Werner Hacke, born 1948 in Duisburg, Germany, was Professor and Chairman of the Department of Neurology, University of Heidelberg, from 1987 to 2014 and holds now a Senior Professorship of Neurology at the University of Heidelberg, Germany.

Graduation 
He graduated from the Klinikum Aachen Medical School  of the RWTH Aachen and holds also a Master's degree in Psychology.

He is a board certified neurologist, psychiatrist, and neurocritical care specialist. He received his neurology training at the RWTH Aachen medical school, Germany, and  Berne, Switzerland. After spending almost one year of research at the Scripps Clinic and Research Foundation in La Jolla, California, he was elected to the chair position of Neurology at the University of Heidelberg, at that time being the youngest chairman of Neurology ever elected in Germany.

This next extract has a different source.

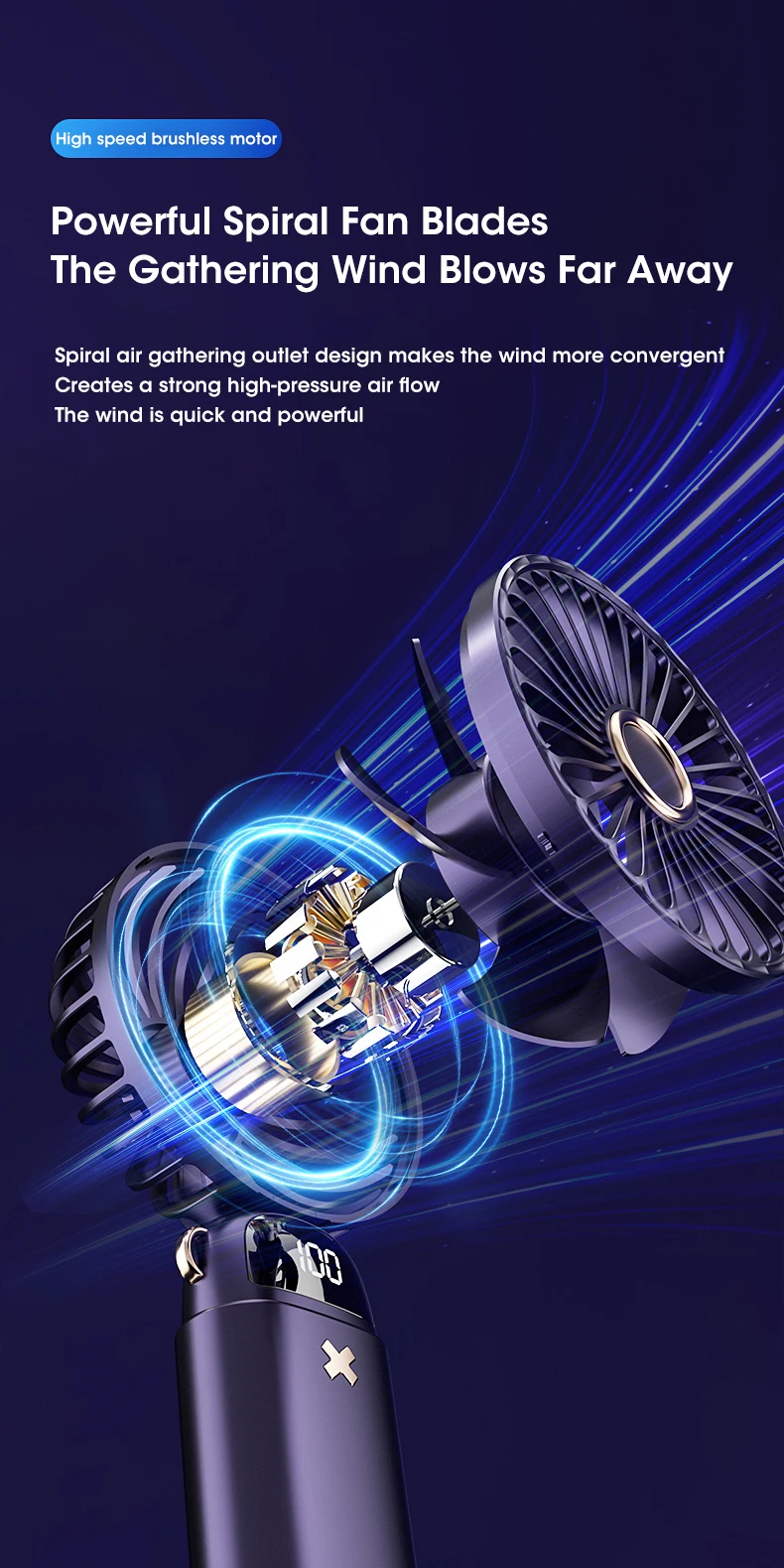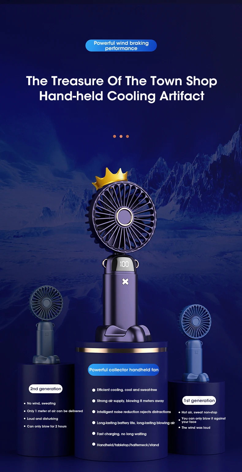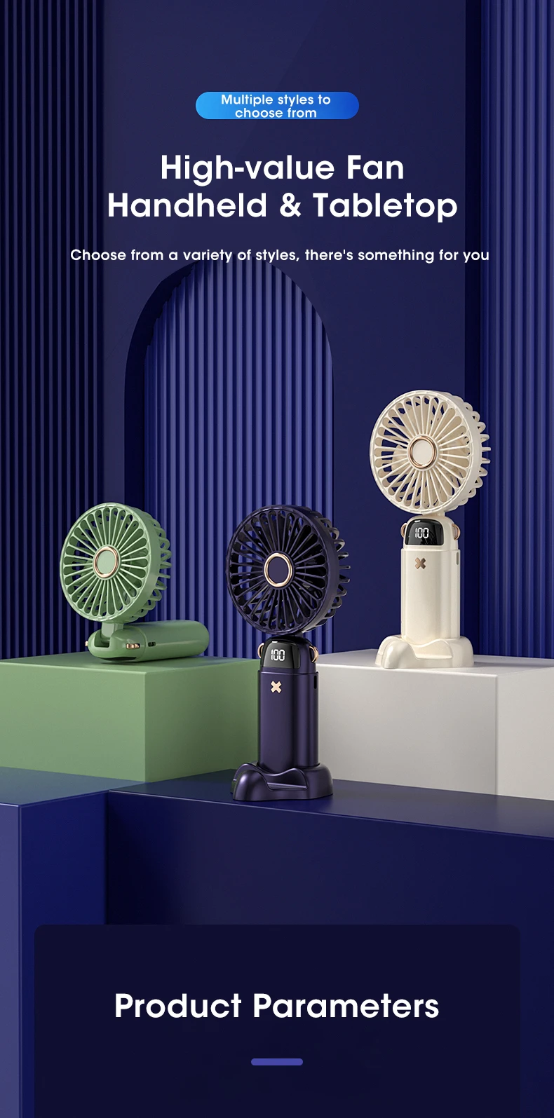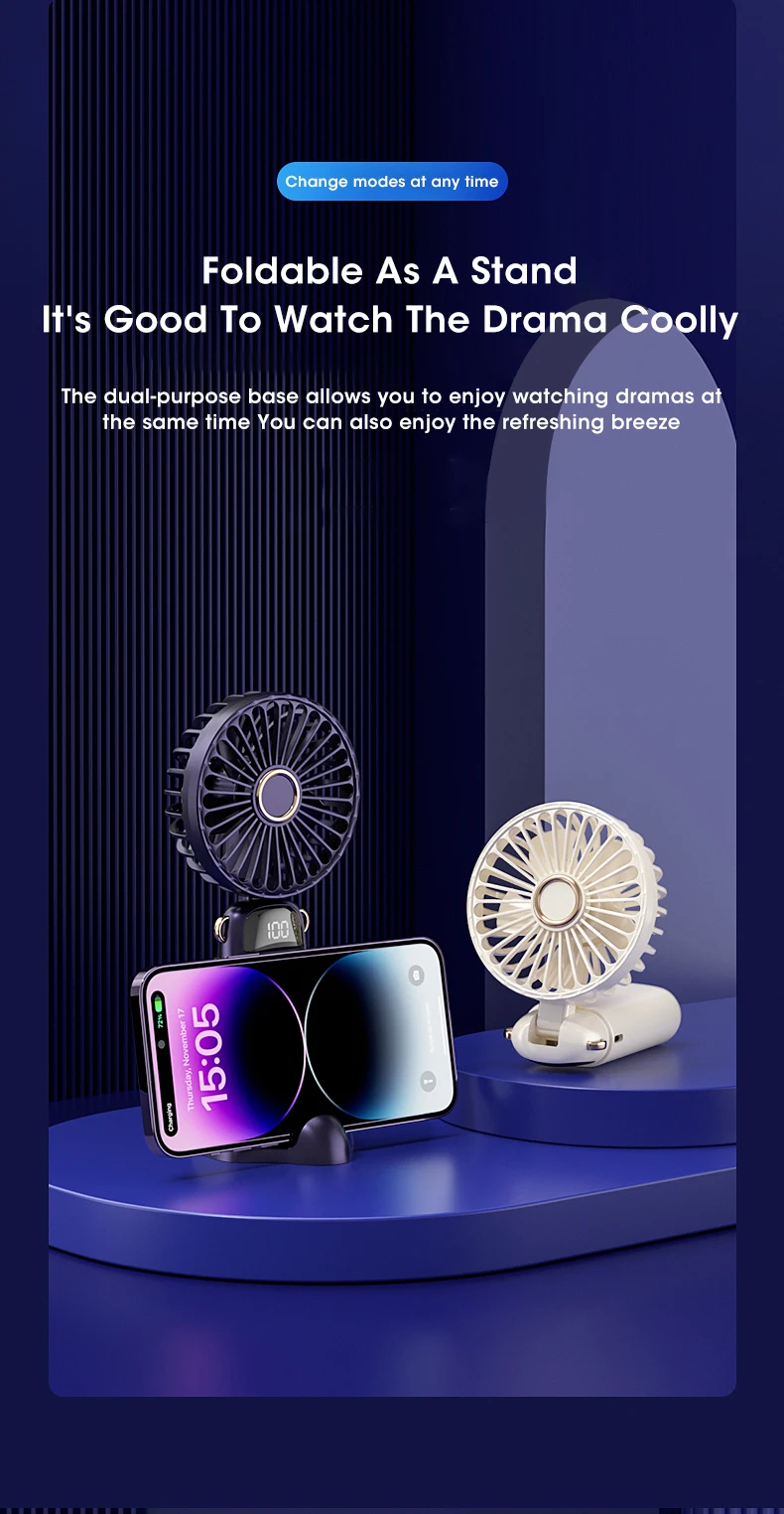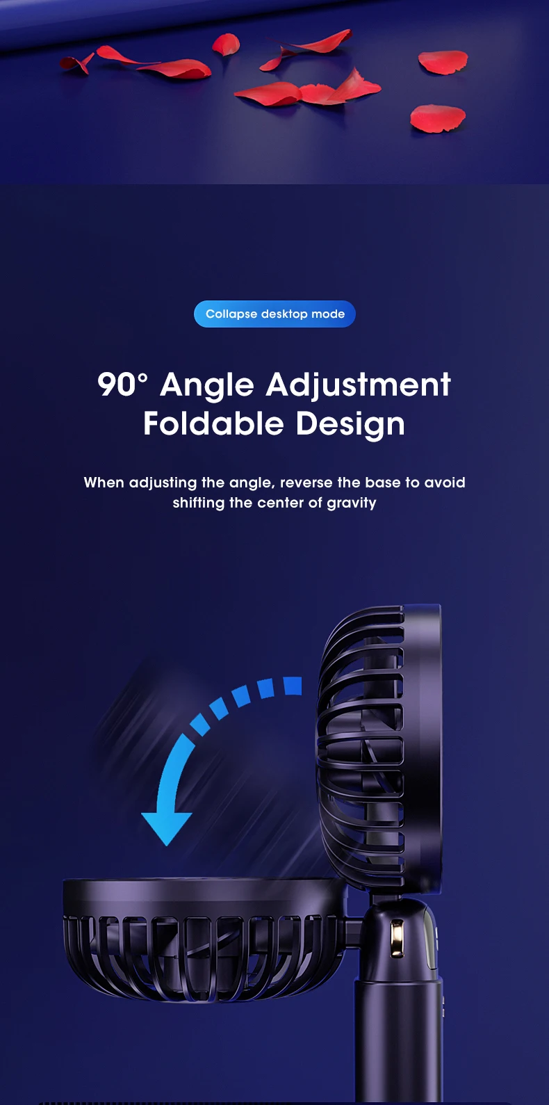 1. Handheld & Desktop: This air cooling fan is both a convenient outdoor handheld fan and a stable hands-free fan indoors on desks and desks.

In 2014, after 27 years as chair and head of the department he stepped down from his clinical duties and is now the first Senior Professor of Medicine at the University of Heidelberg, Germany.

Research 
Hacke is involved with many clinical studies, both industry-supported and investigator-driven. Recently he led studies including ECASS I-IV AbESTT I and II, DIAS I and II, CHARISMA, DESTINY, DESTINY II and SPACE 1 and 2, only to name a few, as chair or co-chair of the steering committee.

Awards and honors 
Hacke was the recipient of the Yamanouchi Europe research award, the first non-US recipient of the Feinberg Award for excellence in stroke research, given by the American Stroke Association (1998), and the first recipient of the Karolinska Stroke Award, Stockholm, Sweden in 2004, Recipient of the Mihara Award 2009 (Tokyo, Japan) and the Max Jarecki Award (New York, USA) in 2009. In 2013 he was awarded the Wepfer Award by the European stroke conference. In 2018 he received the ESO science award. In 2020 he received the WSO Leadership in Stroke Award.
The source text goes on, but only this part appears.